### SOURCE MATERIAL

--------------------------------------------------

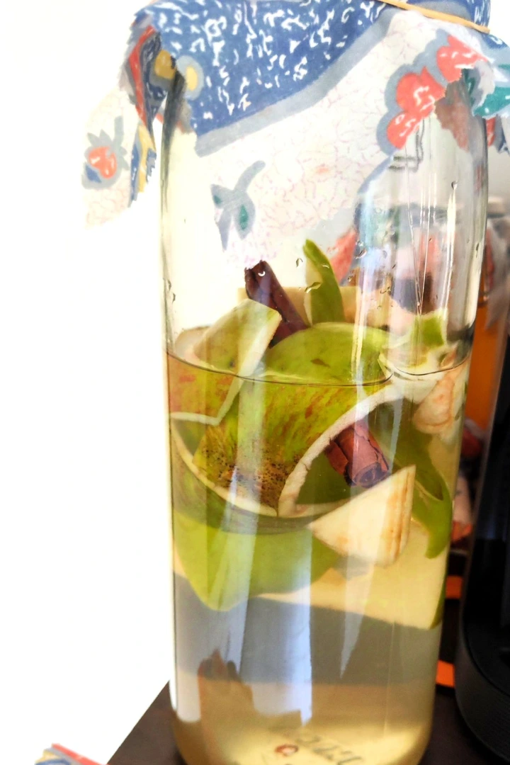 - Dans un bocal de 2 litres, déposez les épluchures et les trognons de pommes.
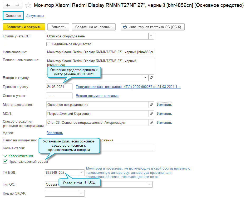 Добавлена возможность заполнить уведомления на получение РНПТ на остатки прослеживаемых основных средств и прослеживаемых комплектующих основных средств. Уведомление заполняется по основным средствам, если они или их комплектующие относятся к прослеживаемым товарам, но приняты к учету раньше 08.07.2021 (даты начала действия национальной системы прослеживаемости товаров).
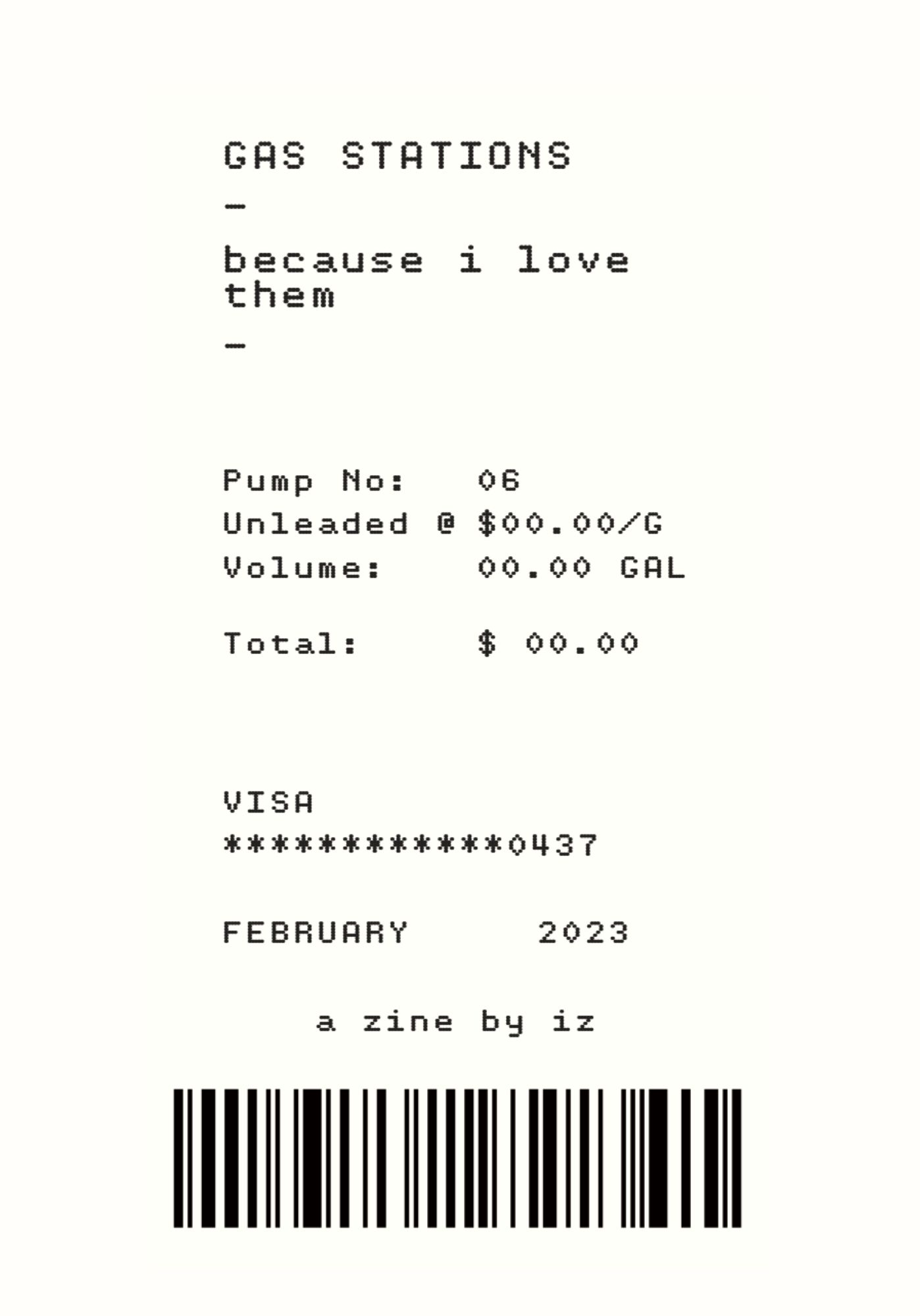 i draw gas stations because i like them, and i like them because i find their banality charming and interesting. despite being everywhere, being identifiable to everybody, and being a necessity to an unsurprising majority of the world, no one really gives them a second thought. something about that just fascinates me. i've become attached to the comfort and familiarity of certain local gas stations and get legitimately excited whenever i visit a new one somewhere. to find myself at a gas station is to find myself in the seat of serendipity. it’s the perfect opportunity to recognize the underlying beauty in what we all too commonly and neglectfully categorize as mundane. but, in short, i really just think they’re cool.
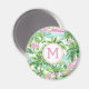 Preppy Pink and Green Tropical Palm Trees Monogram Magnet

--------------------------------------------------

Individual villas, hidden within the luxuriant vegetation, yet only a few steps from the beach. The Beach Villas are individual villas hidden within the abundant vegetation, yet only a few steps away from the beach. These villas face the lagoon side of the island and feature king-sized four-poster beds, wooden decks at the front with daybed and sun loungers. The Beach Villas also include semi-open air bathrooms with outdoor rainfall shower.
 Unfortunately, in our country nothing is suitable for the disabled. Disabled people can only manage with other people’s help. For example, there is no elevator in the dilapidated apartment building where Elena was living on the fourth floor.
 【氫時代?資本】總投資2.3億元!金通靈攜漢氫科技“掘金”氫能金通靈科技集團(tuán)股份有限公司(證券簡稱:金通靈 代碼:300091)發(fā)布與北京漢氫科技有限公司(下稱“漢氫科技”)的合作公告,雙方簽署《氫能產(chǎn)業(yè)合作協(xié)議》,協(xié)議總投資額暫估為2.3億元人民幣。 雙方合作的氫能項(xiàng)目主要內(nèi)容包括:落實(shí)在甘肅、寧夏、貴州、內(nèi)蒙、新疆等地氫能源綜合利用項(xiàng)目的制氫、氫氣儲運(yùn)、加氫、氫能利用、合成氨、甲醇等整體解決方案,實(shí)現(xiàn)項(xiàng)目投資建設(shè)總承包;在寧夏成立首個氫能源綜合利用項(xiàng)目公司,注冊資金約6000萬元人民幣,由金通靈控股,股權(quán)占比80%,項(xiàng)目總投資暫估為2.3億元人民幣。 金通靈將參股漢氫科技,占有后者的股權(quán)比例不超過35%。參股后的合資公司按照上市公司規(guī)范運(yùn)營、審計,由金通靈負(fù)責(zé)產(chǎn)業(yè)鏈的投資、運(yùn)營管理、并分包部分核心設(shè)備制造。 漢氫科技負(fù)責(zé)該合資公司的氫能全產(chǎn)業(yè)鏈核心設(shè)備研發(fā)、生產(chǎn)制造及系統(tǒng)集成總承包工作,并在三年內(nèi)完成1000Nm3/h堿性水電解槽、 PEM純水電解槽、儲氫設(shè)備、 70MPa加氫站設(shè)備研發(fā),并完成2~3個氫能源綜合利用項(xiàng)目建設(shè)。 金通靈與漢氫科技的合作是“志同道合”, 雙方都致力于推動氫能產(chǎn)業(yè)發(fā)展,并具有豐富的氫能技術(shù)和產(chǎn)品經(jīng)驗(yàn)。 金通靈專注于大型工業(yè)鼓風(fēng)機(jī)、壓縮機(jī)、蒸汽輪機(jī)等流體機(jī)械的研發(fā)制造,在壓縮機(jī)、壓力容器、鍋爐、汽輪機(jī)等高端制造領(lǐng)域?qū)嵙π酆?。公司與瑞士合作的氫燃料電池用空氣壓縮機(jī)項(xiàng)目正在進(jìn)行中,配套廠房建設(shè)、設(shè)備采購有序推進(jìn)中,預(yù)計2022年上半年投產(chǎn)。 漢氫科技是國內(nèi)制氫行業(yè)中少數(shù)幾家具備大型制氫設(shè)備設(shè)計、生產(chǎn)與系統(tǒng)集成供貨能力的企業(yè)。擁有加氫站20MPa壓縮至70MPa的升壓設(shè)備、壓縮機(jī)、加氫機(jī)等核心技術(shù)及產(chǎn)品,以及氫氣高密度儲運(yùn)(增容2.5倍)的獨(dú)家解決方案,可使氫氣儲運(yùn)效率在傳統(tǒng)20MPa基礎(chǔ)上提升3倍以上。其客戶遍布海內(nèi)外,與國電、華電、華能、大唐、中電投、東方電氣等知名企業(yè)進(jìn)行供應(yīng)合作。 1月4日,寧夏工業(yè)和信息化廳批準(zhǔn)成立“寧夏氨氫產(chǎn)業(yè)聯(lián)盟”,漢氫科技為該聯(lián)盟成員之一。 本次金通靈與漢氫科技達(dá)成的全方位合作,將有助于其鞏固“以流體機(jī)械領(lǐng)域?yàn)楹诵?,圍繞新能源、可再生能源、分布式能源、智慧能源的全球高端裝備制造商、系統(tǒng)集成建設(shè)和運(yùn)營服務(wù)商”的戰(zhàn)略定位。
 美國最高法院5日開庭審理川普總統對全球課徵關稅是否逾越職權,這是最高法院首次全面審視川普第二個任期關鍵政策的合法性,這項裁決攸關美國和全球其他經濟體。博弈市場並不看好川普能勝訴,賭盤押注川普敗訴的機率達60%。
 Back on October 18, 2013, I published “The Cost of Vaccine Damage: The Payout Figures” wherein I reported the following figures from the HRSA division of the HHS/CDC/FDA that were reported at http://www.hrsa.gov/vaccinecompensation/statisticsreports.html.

--------------------------------------------------

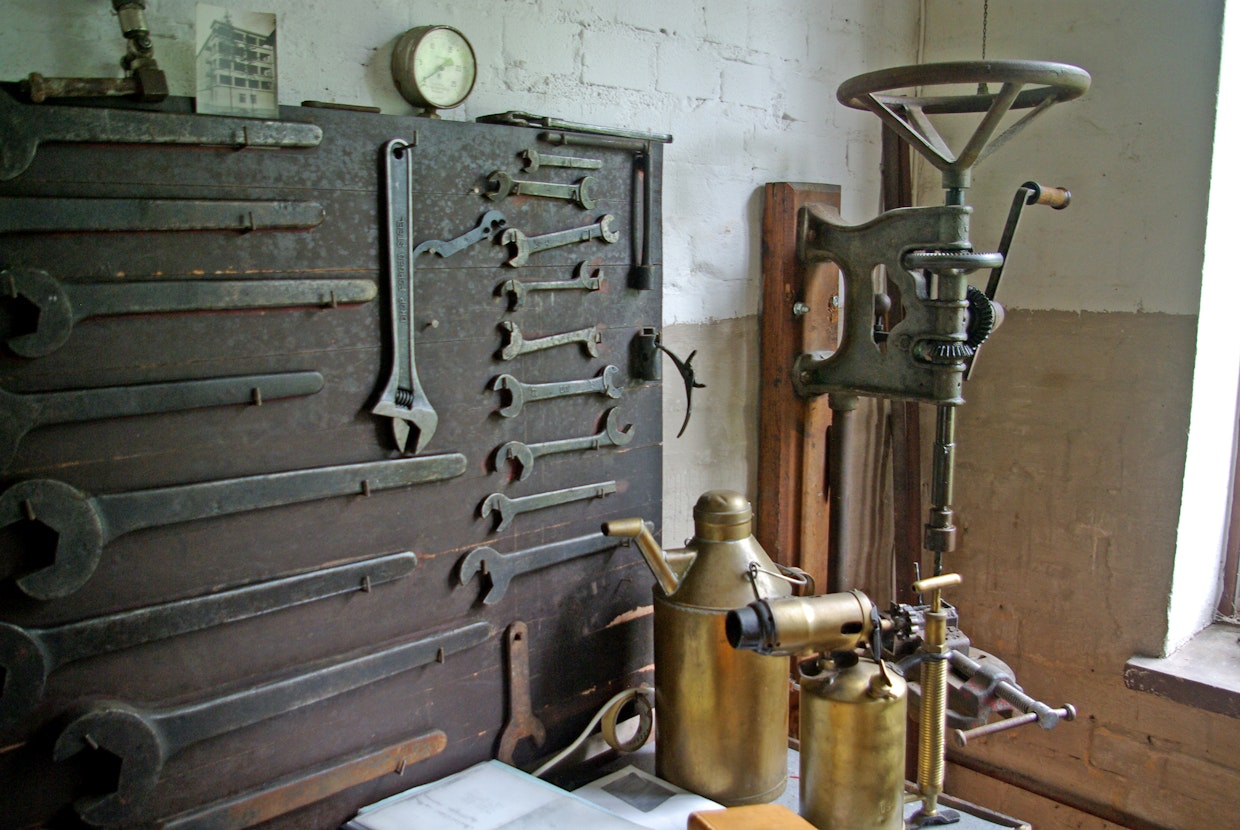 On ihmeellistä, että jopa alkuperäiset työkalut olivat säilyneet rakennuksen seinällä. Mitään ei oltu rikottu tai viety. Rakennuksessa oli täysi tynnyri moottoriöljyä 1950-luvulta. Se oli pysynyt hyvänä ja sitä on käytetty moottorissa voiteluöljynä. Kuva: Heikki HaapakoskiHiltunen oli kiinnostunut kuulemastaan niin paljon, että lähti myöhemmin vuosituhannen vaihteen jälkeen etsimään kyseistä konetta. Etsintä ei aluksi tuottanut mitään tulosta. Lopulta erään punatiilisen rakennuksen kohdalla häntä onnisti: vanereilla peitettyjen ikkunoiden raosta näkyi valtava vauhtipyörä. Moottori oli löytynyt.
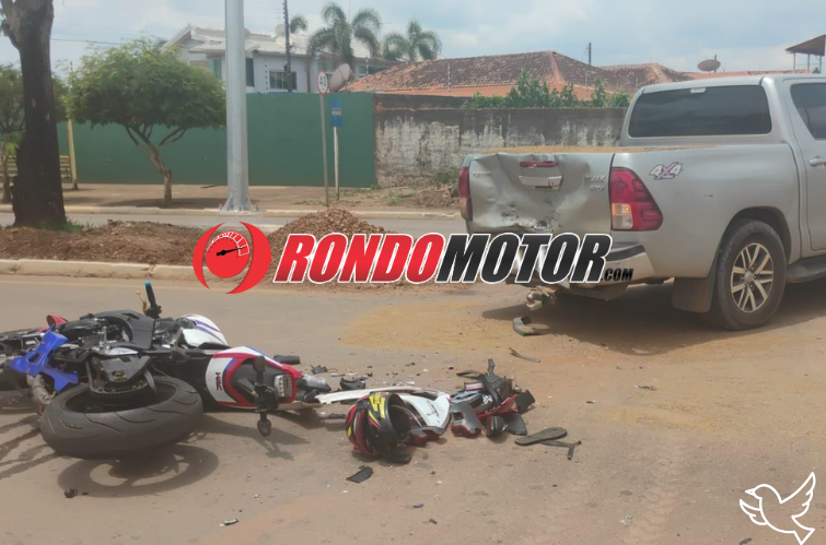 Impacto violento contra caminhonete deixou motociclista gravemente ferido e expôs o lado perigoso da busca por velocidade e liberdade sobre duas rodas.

--------------------------------------------------

### EXERCISE AIM
Transcribe, word for word, the lines of the listing above from the one that contains "- Dans un bocal" through the one that contains "Добавлена возможность заполнить", keeping both ends and dropping the pictures.

### RESPONSE
 - Dans un bocal de 2 litres, déposez les épluchures et les trognons de pommes.
 Добавлена возможность заполнить уведомления на получение РНПТ на остатки прослеживаемых основных средств и прослеживаемых комплектующих основных средств. Уведомление заполняется по основным средствам, если они или их комплектующие относятся к прослеживаемым товарам, но приняты к учету раньше 08.07.2021 (даты начала действия национальной системы прослеживаемости товаров).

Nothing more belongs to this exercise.